This dataset is derived from ImageNet and contains 10,000 image-label pairs, designed for binary classification in object detection tasks.

Dataset Details

Dataset Description

This dataset consists of 10,000 image-label pairs sampled from ImageNet. 5,000 pairs have correct image-label matches (positive examples labeled "yes"), and 5,000 pairs have random labels assigned from the ImageNet 1000-class taxonomy (negative examples labeled "no"). The dataset is intended for training and evaluating object detection systems with a binary classification component.

  • Language(s) (NLP): English (for labels)
  • License: The dataset inherits the ImageNet license terms (Custom license - requires acceptance of Terms of Access)

Dataset Sources

  • Repository: Based on ImageNet (https://image-net.org/)
  • Paper: Based on ImageNet (Deng, J., Dong, W., Socher, R., Li, L.-J., Li, K., & Fei-Fei, L. (2009). ImageNet: A Large-Scale Hierarchical Image Database. CVPR 2009.)

Uses

Direct Use

This dataset is suitable for:

  • Training binary object detection classifiers
  • Evaluating object recognition systems' accuracy
  • Testing models' ability to verify if an image contains a specified object
  • Benchmarking computer vision systems on object verification tasks

Dataset Structure

The dataset consists of 10,000 examples with the following fields:

  • idx: int64 - A unique identifier for each example
  • image: image - The image data from ImageNet
  • label: string - The object label being verified (from ImageNet's 1000 classes)
  • gt_ans: string - Ground truth answer ("yes" for correct label, "no" for random incorrect label)
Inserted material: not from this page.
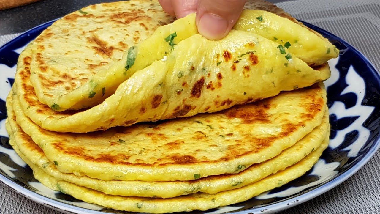 4 картоплини та ложка борошна – тонкі коржі з сиром та зеленню. Готуються за 15 хвилин

The dataset is evenly split between positive examples (5,000 images with their correct ImageNet labels, marked "yes") and negative examples (5,000 images with randomly assigned incorrect labels from ImageNet's taxonomy, marked "no").

Dataset Creation

Curation Rationale

This dataset was created to provide a balanced binary classification task for object detection systems. By including both correct and incorrect image-label pairs, it supports the development of models that can verify whether a specific object appears in an image.

Source Data

Data Collection and Processing

  • 5,000 images were randomly sampled from ImageNet along with their correct labels
  • 5,000 additional images were sampled and assigned random labels from the ImageNet 1000-class taxonomy
  • All correct label pairs were marked with "yes" in the gt_ans field
  • All random label pairs were marked with "no" in the gt_ans field
  • The complete set of 10,000 examples was assigned unique indices

Who are the source data producers?

The original images come from ImageNet, which collected images from the web. The labels were originally created by ImageNet annotators through a combination of automated and manual processes. The binary classification labels ("yes"/"no") were added during the creation of this derivative dataset.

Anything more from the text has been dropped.